CGMossa commented May 5, 2023

Benchmarking an R+deSolve code against the equivalent odin code yielded a surprising result:

# A tibble: 2 × 13
  expression      min   median `itr/sec` mem_alloc `gc/sec` n_itr  n_gc total_time result memory     time      
  <bch:expr> <bch:tm> <bch:tm>     <dbl> <bch:byt>    <dbl> <int> <dbl>   <bch:tm> <list> <list>     <list>    
1 odin_c        303ms    305ms      3.28    8.59MB      0       2     0      610ms <NULL> <Rprofmem> <bench_tm>
2 deSolve_r     121ms    121ms      8.23   38.04MB     24.7     1     3      121ms <NULL> <Rprofmem> <bench_tm>
# ℹ 1 more variable: gc <list>

I suspect the culprit is the lack of matrix multiplication in odin (or maybe I don't know how to invoke it).
In the deSolve part:

between_sites <- transmission_rate * S * (foi_matrix %*% I)

However, in the odin part I do:

foi[, ] <- transmission_rate * foi_mat[i, j] * I[j]
delta_transmission[] <- transmission_rate * S[i] * I[i] + transmission_rate * S[i] * sum(foi[i,])
  deriv(S[]) <- -delta_transmission[i]
  deriv(I[]) <- +delta_transmission[i] - delta_recovery[i]

Here I've omitted the parts I don't think are necessary.

  • Is matrix multiplication supported?
    Unfortunately, R's C-facilities have a weird way of doing matrix multiplication, so it might not be supported yet.

I'll work on a minimal testcase to check if this is indeed the problem.
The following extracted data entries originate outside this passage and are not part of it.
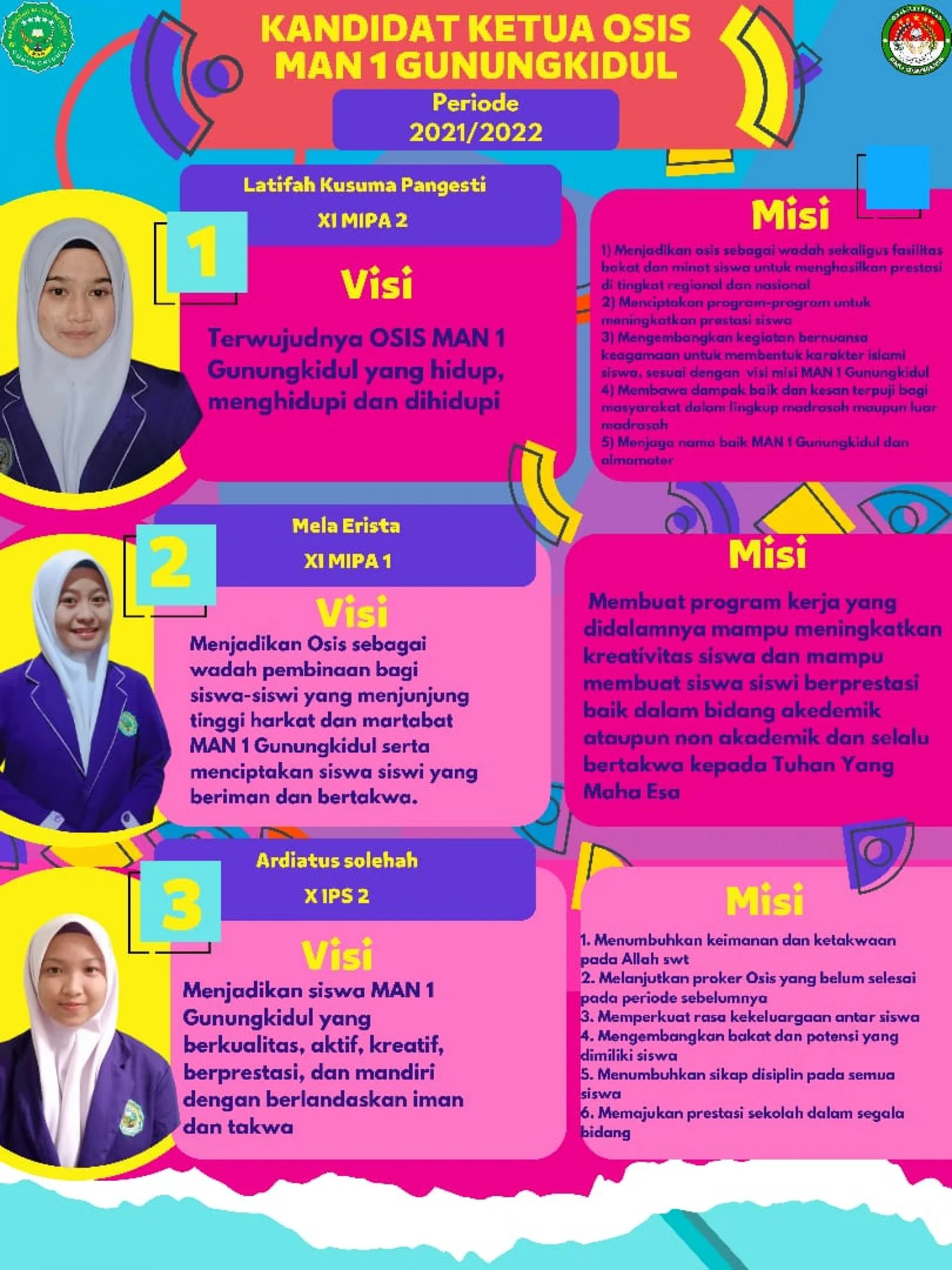 Wonosari (MAN 1 Gunungkidul) – MAN 1 Gunungkidul mengadakan pemilihan Ketua OSIS Al Kawaakib MAN 1 Gunungkidul periode 2021/2022 secara online pada hari Sabtu (18/09/2021). Ada tiga kandidat ketua OSIS periode 2021/2021 yaitu Latifah Kusuma Pangesti, siswi kelas XI MIPA 2; Mela Erista, siswi kelas XI MIPA 1; dan Ardiatus Solehah, siswi kelas X IPS 1. Pemilih adalah siswa kelas X, XI, XII, guru dan pegawai MAN 1 Gunungkidul.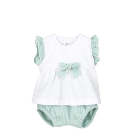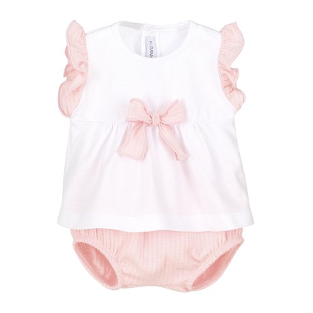El diseño de este conjunto es perfecto para los días cálidos, manteniendo a tu pequeña fresca y libre de molestias mientras juega y se divierte. La blusa presenta un elegante lazo que añade un toque de estilo, mientras que el pololo proporciona la comodidad que tu bebé necesita.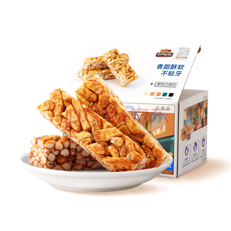 商品相册:三只松鼠黑糖味沙琪玛500g 营养早餐代餐传统香酥糕点蛋糕休闲零食第1张/共5
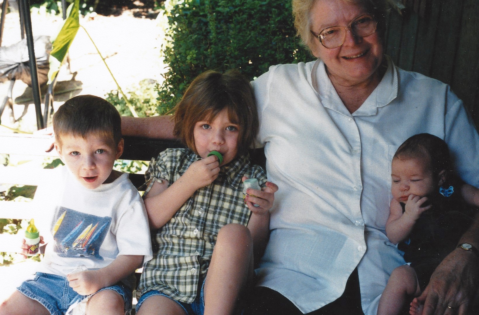Survivors include her daughter Ruth H. Poynor; grandchildren Karyn Walker (Adam) and Jack Poynor (Autumn); her grandchildren by Ronita: Shelly Thomas (Alex), Will West, and Grace West; her daughter Rebecca E. Stipe (Richard); grandchildren Elisabeth Richerson (Jacob), and Emily Stipe; her son Harley F.D. Petty (Vanessa); grandchildren Victoria Petty, Alexandria Petty, Lawton Petty, Chloe Petty, Owen Cowling, Nathan Cowling and Lily Cowling; eleven great-grandchildren; three siblings Sara A. Brooks, Owen D. Miller, and T. Jack Miller; and one sister-in-law Blanche Johnstone.

Under details, I have more complete excerpts of my code:

Details

odin::odin({
  foi[, ] <- foi_mat[i, j] * I[j]
  delta_transmission[] <- transmission_rate * S[i] * I[i] + transmission_rate * S[i] * sum(foi[i,])
  delta_recovery[] <- recovery_rate * I[i]
  deriv(S[]) <- -delta_transmission[i]
  deriv(I[]) <- +delta_transmission[i] - delta_recovery[i]
  deriv(R[]) <- delta_recovery[i]

  source_id <- user()
  target_id <- user()
  Total[] <- S[i] + I[i] + R[i]
  output(source_prevalence) <- I[as.integer(source_id)] / Total[as.integer(source_id)]
  output(target_prevalence) <- I[as.integer(target_id)] / Total[as.integer(target_id)]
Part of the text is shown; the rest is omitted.